I don't understand why are we taking 12C1 X 8C1 X 4C1 = 12 X 8 X 4 instead of 4C1 X 4C1 X 4C1 = 4 x 4 X 4 for the numerator. Since, we are selecting 1 ace from 4 aces, 1 king from 4 kings and 1 jack from 4 jacks shouldn't we be taking 4C1 X 4C1 X 4C1 = 4 x 4 X 4 for the favourable events ? Please advice on the above.

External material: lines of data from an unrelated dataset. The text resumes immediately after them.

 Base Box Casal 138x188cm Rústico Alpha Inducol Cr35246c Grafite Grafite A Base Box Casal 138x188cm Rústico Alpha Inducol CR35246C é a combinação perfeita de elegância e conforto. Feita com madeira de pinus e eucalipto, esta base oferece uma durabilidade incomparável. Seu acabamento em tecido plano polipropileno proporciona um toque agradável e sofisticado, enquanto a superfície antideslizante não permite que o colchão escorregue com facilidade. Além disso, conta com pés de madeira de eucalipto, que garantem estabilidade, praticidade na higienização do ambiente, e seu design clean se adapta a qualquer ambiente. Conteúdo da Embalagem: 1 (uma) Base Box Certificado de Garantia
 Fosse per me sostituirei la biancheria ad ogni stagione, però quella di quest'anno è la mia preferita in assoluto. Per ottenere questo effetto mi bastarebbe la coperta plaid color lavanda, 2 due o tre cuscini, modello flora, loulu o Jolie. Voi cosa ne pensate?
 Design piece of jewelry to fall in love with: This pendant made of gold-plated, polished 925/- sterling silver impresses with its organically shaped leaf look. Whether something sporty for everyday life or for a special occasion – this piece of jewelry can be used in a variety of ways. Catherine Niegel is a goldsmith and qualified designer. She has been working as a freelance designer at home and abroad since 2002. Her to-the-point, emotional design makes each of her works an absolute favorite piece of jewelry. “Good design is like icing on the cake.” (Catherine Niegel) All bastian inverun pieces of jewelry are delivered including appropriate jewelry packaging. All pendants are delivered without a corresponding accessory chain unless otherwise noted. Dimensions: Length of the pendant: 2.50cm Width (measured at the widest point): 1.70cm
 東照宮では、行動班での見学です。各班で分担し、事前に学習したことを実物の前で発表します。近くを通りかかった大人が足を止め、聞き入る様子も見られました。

The reason for "$\displaystyle ^{12}C_1$" is that a total of 12 "aces, kings, and jacks" and you are drawing one of them. The reason for the "$\displaystyle ^8C_1$" is that whether that is an ace, king, or jack, there are then 8 of the remaining kind of card you are looking for (if the first card drawn was a jack, there are 8 aces and kings left) and you want to draw one of them. The reason for the "$\displaystyle ^4C_1$" is that whichever of ace, jack, or king, the first two cards are, there are 4 cards of the remaining type and you want to draw 1 of them.

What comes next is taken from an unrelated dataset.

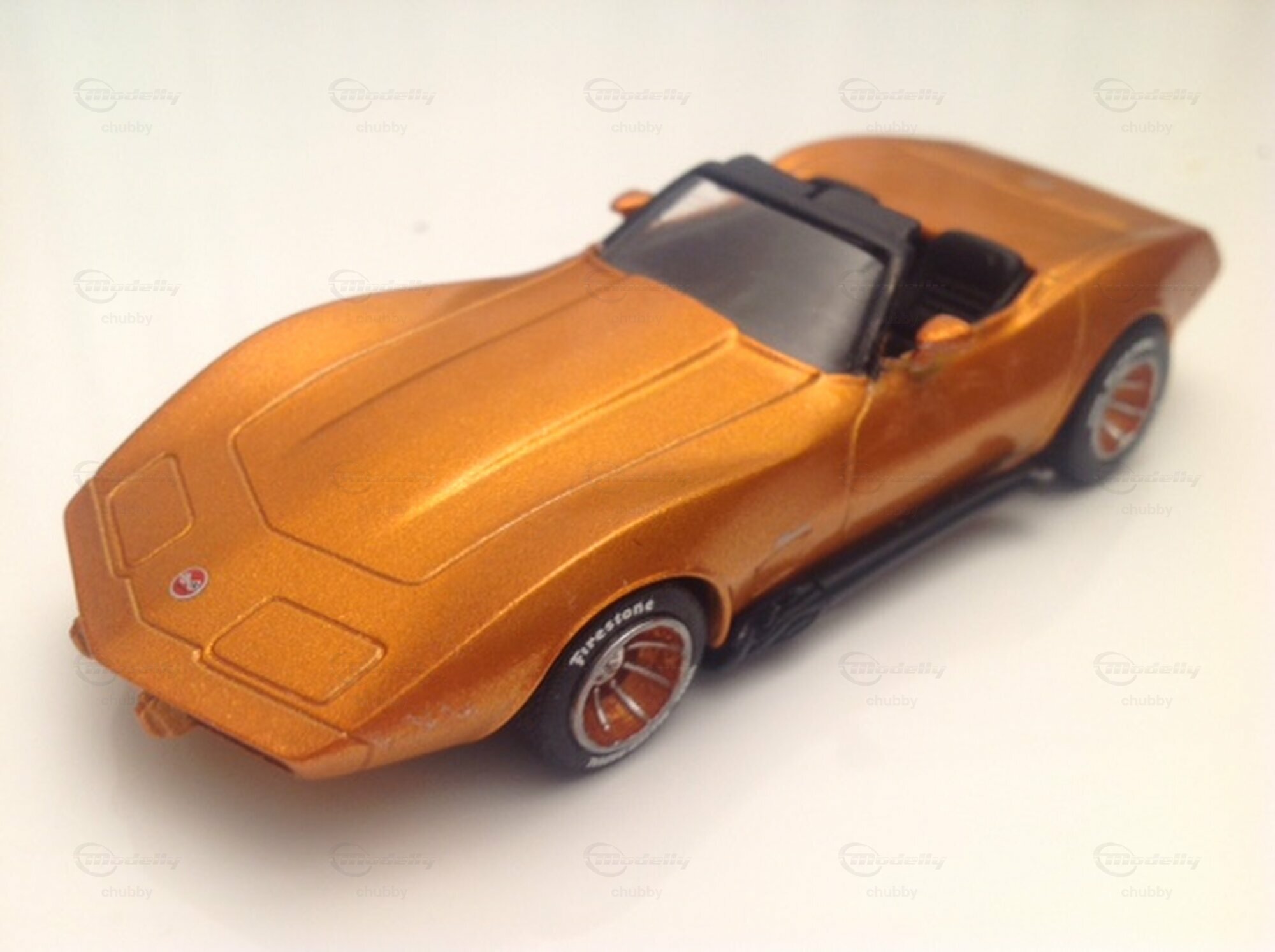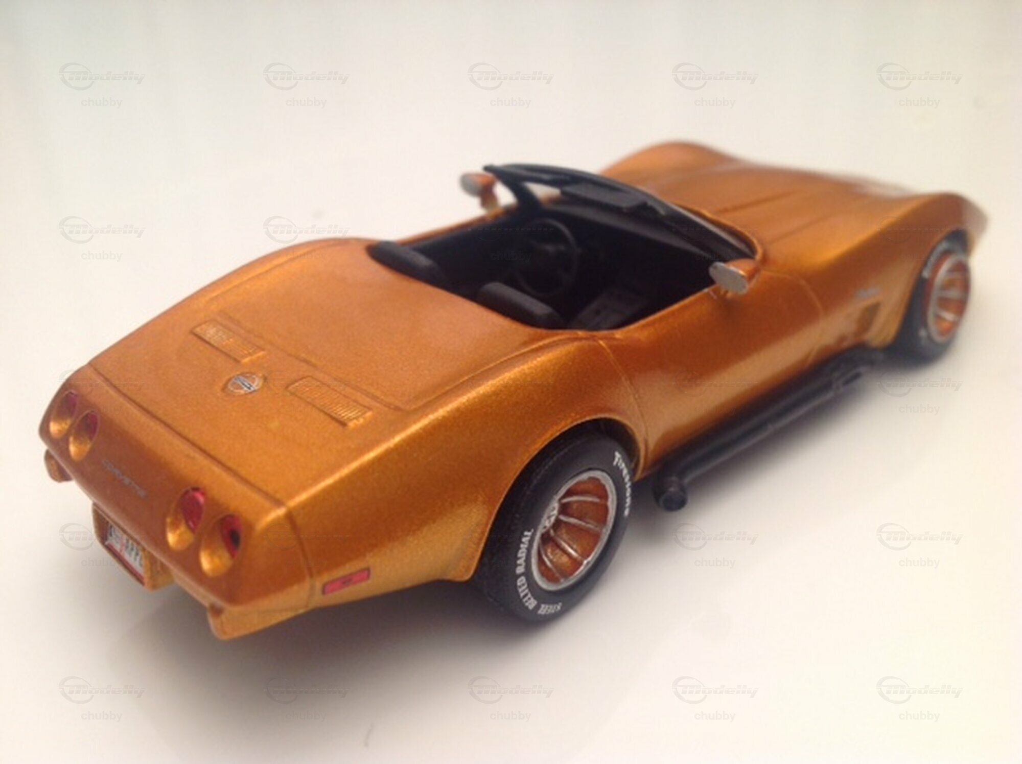 Dieses orange metallisierte C3 1975 Cabrio mit den dazu passenden Greenwood-Felgen ist zweifellos ein Hingucker. Als Basis diente Rigo ein Corvette C3-Kit von Cult Cars (Provence Moulage/Ugo Fadini) .

3. ## Re: Simple Probability Question

Hi HallsofIvy,

Thanks ! That 3! I would have definitely factored in if I had solved the question completely. Since the 3! would have come from the denominator of 52C3. So, that was not my question. I was a bit confused about the way the selection was made in the numerator of the original solution.

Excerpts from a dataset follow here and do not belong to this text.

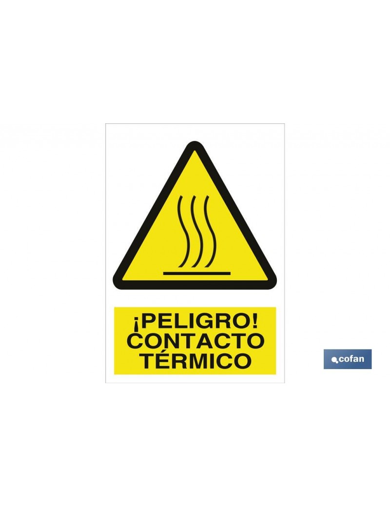 Señal de advertencia de peligro contacto térmico. Tamaño y material a elegir.
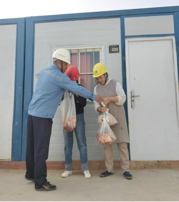 項目管理人員精心挑選了一批食材,親手送到了班組員工的生活現(xiàn)場,一份份新鮮的食材不僅承載著濃濃的節(jié)日祝福,更表達了項目部對施工人員辛勤勞動的深深謝意。在送食材的過程中,項目管理人員與班組員工面對面進行深入的交流,傾聽他們的聲音,分享他們的故事,讓這份關懷更加貼心和真摯。
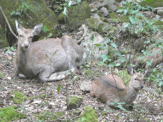 | 大山寺から下っていくと、左手にシカの親子を発見。(写真下) 撮影している間、じっとしていて2頭とも全く動く様子がなかった。 |
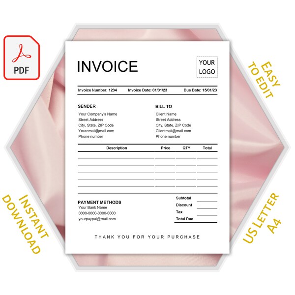 Invoice Template for Acrobat Readr Etsy Rechnungsvorlage Rechnung
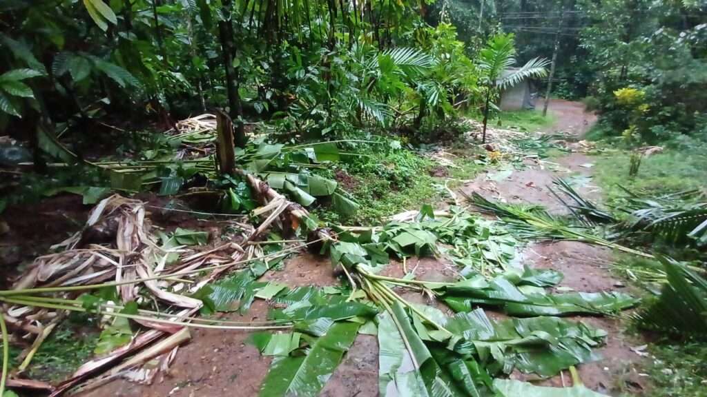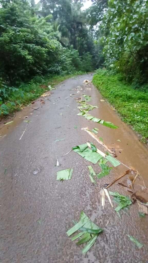 ರಸ್ತೆಯಲ್ಲಿ ಬಾಳೆ -ತೆಂಗಿನ ಗರಿಗಳು ಚೆಲ್ಲಾಪಿಲ್ಲಿ – ಸಾರ್ವಜನಿಕರಲ್ಲಿ ಭಯ-ಆತಂಕ

So, according to you, then, both the solutions/approach are correct ? Should we prefer one approach over the other cause the original solution doesn't appear to be much convincing ?

4. ## Re: Simple Probability Question

Both solutions are correct, and both give the same answer. Neither is "more correct" than the other, though I would admit that my instinct is to solve it the way that Halls did. I tend to think first in terms of selecting cards in a particular order, then multiply by the number of ways that the order can be changed, which is what he did. But the book's solution is equally valid, and arguably more elegant - i.e. how many choices do I have for the first card, then how many choices are available for the 2nd card, then how many for the third card, with no need to go through an additional step of considering the specific order of cards selected.

5. ## Re: Simple Probability Question

Hi Ebaines,

Thanks ! But for the original solution I think there is an error in the denominator . 52C3=$\displaystyle \frac{(52)(51)(50)}{3!}$, but that 3! is missing in the original solution. So we are not getting an answer of $\displaystyle \frac{16}{5525}$ which is the correct answer and which we will get if we follow the other approach. Please inform whether I am correct or I am missing something !

6. ## Re: Simple Probability Question

Both approaches yield the same results: the first is

$\displaystyle \frac {12 \times 8 \times 4}{52 \times 51 \times 50} = 0.002896$

and HallsOfIvy's approach:

$\displaystyle \frac {6 \times 8}{13 \times 51 \times 25} = 0.002896$

Note that you can multiply the numeratort and denominator of Halls' by 8 get the same form as the first:

$\displaystyle \frac {6 \times 8}{13 \times 51 \times 25} \times \frac 8 8 = \frac {12 \times 8 \times 4}{52 \times 51 \times 50} = 0.002896$

The first approach does not need to explicitly multiply by 3! because the fact that the three cards may be selected in any order is already included in the numerator by using 12 x 8 x 4.

7. ## Re: Simple Probability Question

Hi ebaines,

But the original solution mentions: Total selections can be made in 52C3 ways, which is equivalent to $\displaystyle \frac{(52)(51)(50)}{3!}$, which is the denominator. So where will the 3! go then ?

8. ## Re: Simple Probability Question

This part of your first post is incorrect:

"Total selections can be made = 52C3= 52 X 51 X 50."